Eventually, the relentless album-tour pace and lifestyle took its toll, and finally in 1977, Three Dog Night split up, and the members began pursuing various solo projects.
By the mid-1980s they had reformed, and today (without Negron) they often perform shows backed by symphony orchestras. In 2002, they released a CD of hits recorded with the London Symphony Orchestra, and then put out a DVD with the Tennessee Symphony.
"The London Symphony at the Abbey Road studio was just magical," he says. "Our conductor with those shows, Larry Baird, is also the conductor for the Moody Blues."
In 2004, the "35th Anniversary Hits Collection" featured TDN with the London Symphony Orchestra on a "brand-new recording of old favorites with symphonic backgrounds that remain faithful to the original versions," praised an Amazon review. "Three Dog Night sounds as great as ever on this 19 track collection."

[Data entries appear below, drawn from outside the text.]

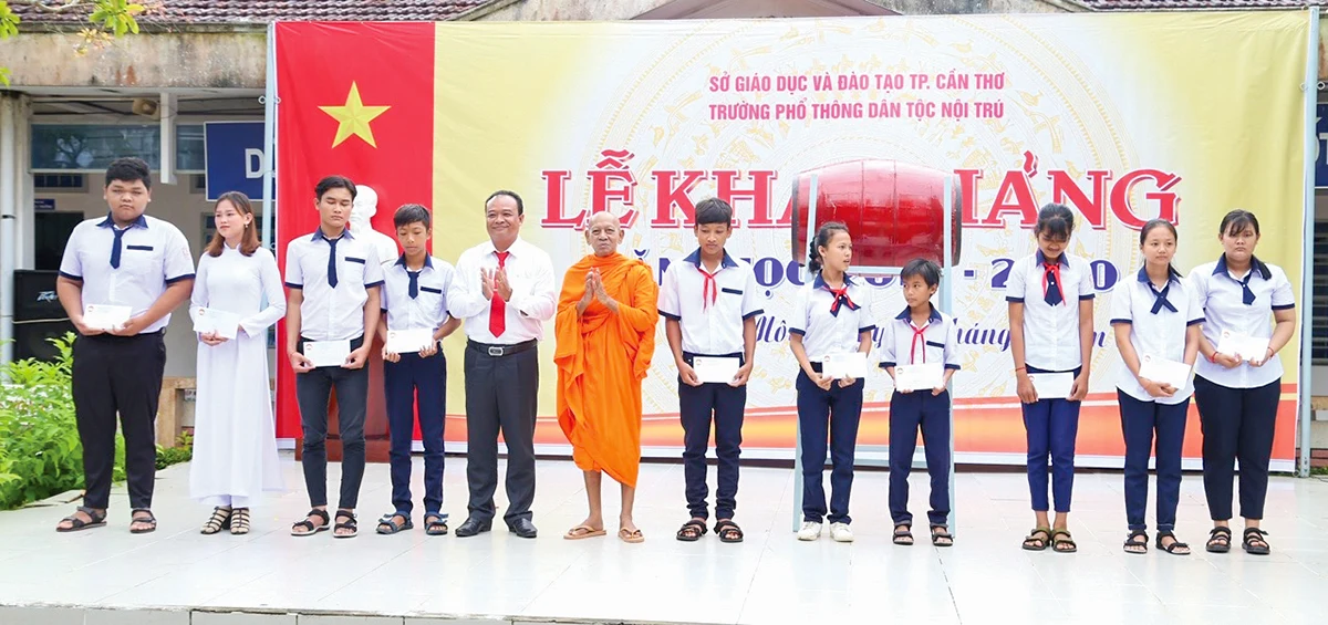 Lớp trẻ dân tộc Khmer luôn được quan tâm, tạo điều kiện học tập, nâng cao trình độ để đóng góp cho cộng đồng, cho phum sóc ngày càng phát triển. Trong ảnh: Nhiều học sinh Trường Phổ thông Dân tộc Nội trú TP Cần Thơ được nhận học bổng "Tiếp sức đến trường" vào đầu năm học mới. Ảnh: T.Long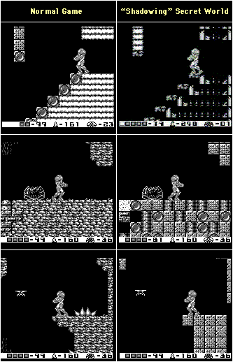 If you've played all of Metroid 2 and then entered a Secret World, you may have noticed how familiar the layout is. Although Secret Worlds are cut off from the game's map, they are normal parts of the game's map running with tiles from a different area of the game. Doesn't make sense, yes, so I put together a chart that can explain it better than I can.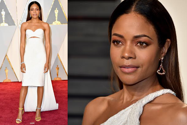 Naomie Harris, who is nominated for the Academy Award for Actress in a Supporting Role for her role in the film, wore a Calvin Klein By Appointment white strapless sequin dress. Harris also wore Fall 2017 CALVIN KLEIN sunflower suede sandals with asymmetrical crystal straps.

In the fall of 2009, the group began releasing some new songs as a prelude to a new studio album. Available as online downloads, the rousing rocker "Heart Of Blues" and the beautiful a cappella ballad "Prayer of the Children" showcase Three Dog Night's versatility and ability to stay current.
"If you wait long enough, whatever genre of music you like, we'll get around to doing it," Hutton concludes. "That's what helps keep it fresh, not settling on one kind of music."
* Three Dog Night performs at 7:30 p.m. Saturday in Castle Theater at the Maui Arts & Cultural Center. John Cruz will open. Tickets are $35, $55, $65, and $85 plus applicable fees, available at the MACC box office, 242-7469, or www.mauiarts.org.
The Grammy Award-winning classical ensemble Los Angeles Guitar Quartet teams with Firesign Theatre Radio Hour veteran Phil Proctor for a special dramatic adaptation of Miguel de Cervantes' classic "Don Quixote" on Friday evening at the MACC.
The quartet's founding member Bill Kanengiser explained in the Rochester City Newspaper: "It's a real labor of love, taking literally thousands of hours of study and work. We play music from the Spanish renaissance, music which could have been heard by Cervantes himself. We hope that the audiences come away with a real appreciation for the humor, pathos, and surreal modernism of this 17th-century masterpiece."
With programs ranging from bluegrass to Bach, the Los Angeles Guitar Quartet members John Dearman, Matthew Greif, Scott Tennant and Kanengiser have established themselves as masters of the classics and creators of a unique syntheses of world music and contemporary styles.
In recent years Proctor has voiced characters in a number of hits movies including "Finding Nemo," "Monsters, Inc." and Eddie Murphy's "Dr. Dolittle" series
For the Maui performance, Proctor plays the narrator, ingenious Knight of La Mancha, comical Squire Sancho Panza and a host of other characters, while music of the time includes works by Narvaez, Encina, Pisador, Milan and Martin y Coll.
* The Los Angeles Guitar Quartet with Phil Proctor presents an adaptation of "Don Quixote" at 7:30 p.m. Friday in Castle Theater. Tickets are $12, $26 and $35 plus applicable fees, available as above.